The social ecological model provides a framework from which to discern and compare the complexity of the different interventions examined in the current review. While intraindividual factors, including beliefs, knowledge, and skills, are important aspects in the behaviour change process, interventions which are limited to targeting change at an individual level fail to address the importance of broader social, physical, economic and political contexts. The breakdown of study types by social ecological level was shown to be pyramid-shaped with the vast majority of studies focused on the individual [22, 2427, 33, 34, 3645, 48, 49] and a few interventions that included components which spanned into the interpersonal [23, 28, 30, 31, 35, 46, 47] or organizational realms [21, 29, 50]. Within organizational realms, interventions tended to target making nutritional or physical activity resources available. For example, in a school setting, playgrounds and school yards were made accessible for children to play after end of curricular program, and school canteens were obliged to have fresh fruit and freshly made juices [32]. Another study program modified the cafeteria food service program (the contents of vending machines), and physical education programs [50] and another intervention included implementing short PA breaks during lessons [21].
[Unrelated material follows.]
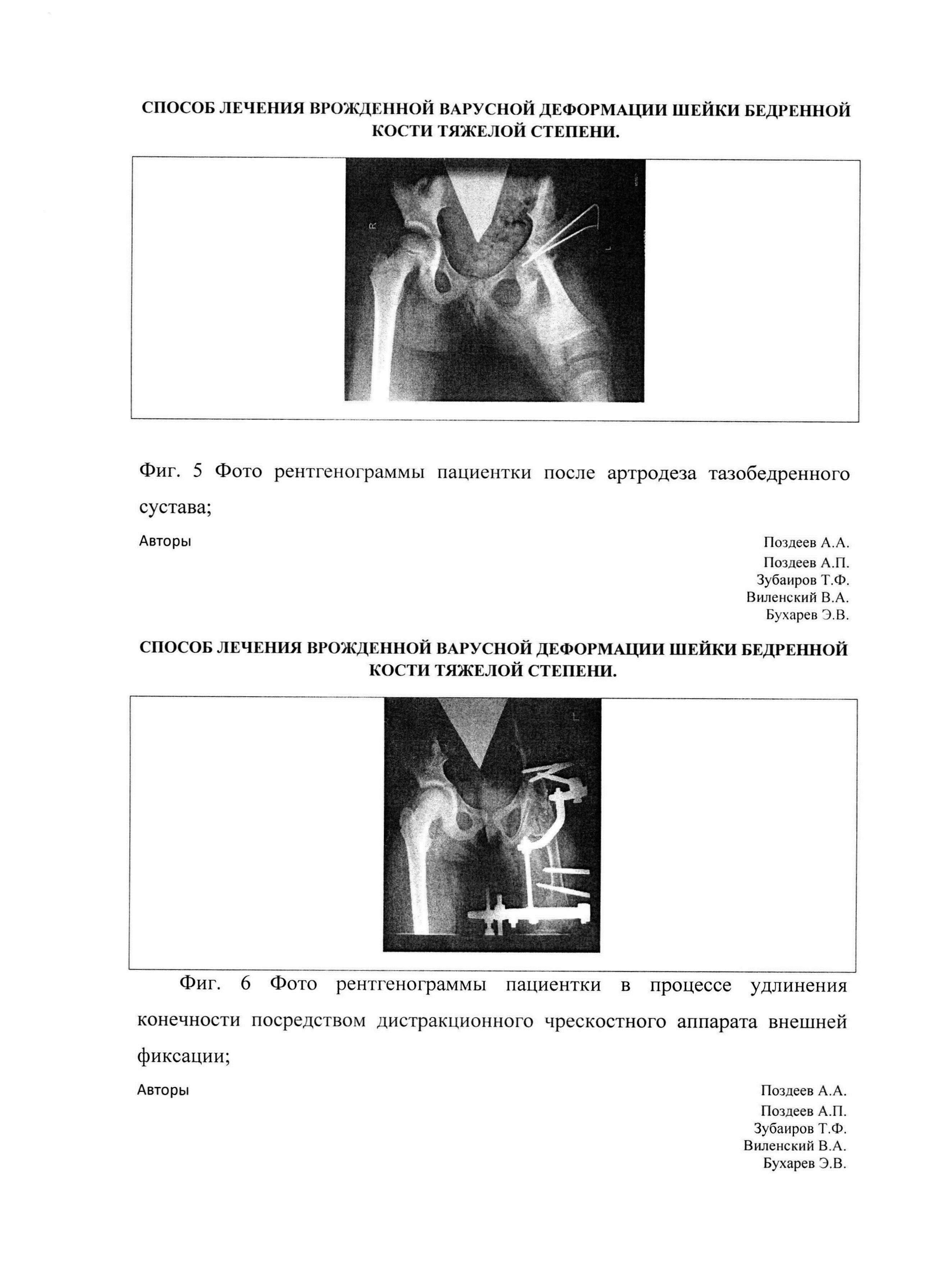Изобретение относится к медицине, а именно к ортопедии. Известен способ лечения врожденной варусной деформации шейки бедренной кости тяжелой степени (ВВДШБКТС) по van Ness [Tachdjian's pediatric orthopaedics/from the Texas Scottish Rite Hospital for Children; edited by John Anthony Herring. - 5th ed., 2014, p. 2965-2986]. Тяжелые формы врожденной варусной деформации шейки бедренной кости, соответствующие IV степени по классификации Aitken [Aitken G: Proximal femoral focal deficiency: A congenital anomaly. In: Aitken GT, ed. A Symposium on Proximal Femoral Focal Deficiency: A Congental Anomaly, Washington, DC: National Academy of Sciences; 1969: 1.] или группы "В" по классификации Hamanishi [Hamanishi С: Congenital short femur: Clinical, genetic and epidemiological comparison of the naturally occurring condition with that caused by thalidomide. J Bone Joint Surg Br 1980; 62: 307], сопровождаются значительным недоразвитием головки, шейки бедренной кости, отрицательным шеечно-диафизарным углом и выраженным укорочением бедренной кости (на 20 см и более). Данный способ лечения заключается в том, что выполняется разворот голени на уровне коленного сустава на 180 градусов и артродезирование коленного сустава в достигнутом положении. При этом стопа оказывается обращенной пальцами назад, а пяткой вперед. Суть метода - подготовка конечности к экзопротезированию. При данном варианте лечения голеностопный сустав берет на себя функцию коленного сустава, а врожденно укороченное бедро единым блоком с нормально развитой голенью формируют опорную культю бедра, что создает благоприятные условия для экзопротезирования. Данный способ на сегодняшний день является единственным вариантом лечения детей с указанной патологией. Недостатками способа следующие: - Пациент обречен всю жизнь использовать при ходьбе экзопротез. - Косметический дефект (уродство) нижней конечности, является зачастую причиной психологической травмы у детей. - При выполнении артродеза коленного сустава увеличивается укорочение конечности. - Неправильные взаимоотношения в области тазобедренного сустава приводят к порочному положению нижней конечности (формируется сгибательно-приводящая контрактура), что в дальнейшем вызывает хромоту и болевой синдром. Задачей предлагаемого изобретения является повышение эффективности оперативного лечения путем последовательного лечения, состоящего из низведения бедренной кости, создания артродеза тазобедренного сустава и удлинения конечности на уровне состоявшегося артродеза методами чрескостного остеосинтеза. Технический результат поставленной задачи достигается тем, что способ лечения ВВДШБКТС включает низведение бедренной кости с помощью дистракционного чрескостного аппарата внешней фиксации, артродез тазобедренного сустава, а после достижения консолидации в области артродеза производят остеотомию таза и удлинение конечности посредством дистракционного чрескостного аппарата внешней фиксации. На фиг. 1 представлена схема низведения бедренной кости с помощью дистракционного чрескостного аппарата внешней фиксации. На фиг. 2 представлена схема артродезирования тазобедренного сустава. На фиг. 3 представлена схема удлинения конечности посредством дистракционного чрескостного аппарата внешней фиксации на уровне артродеза. На фиг. 4 представлены фото рентгенограммы пациентки до лечения. На фиг. 5 представлены фото рентгенограммы пациентки после артродеза тазобедренного сустава. На фиг. 6 представлены фото рентгенограммы пациентки в процессе удлинения конечности

The prominence of individual-level obesity interventions was matched by the greater reliance on theoretical perspectives built on individual psychosocial and behavioral models and constructs. Interventions tended to be driven by theories largely centered on behavioral psychology, including social cognitive theory, the transtheoretical model, and the theory of planned behavior. The lack of social theory in intervention planning limits the development of higher ecological level interventions on obesity. For example, an obesity intervention which is based solely on social cognitive theory would likely lack the breadth to investigate or address the range of environmental factors that might impact person’s odds of being obese.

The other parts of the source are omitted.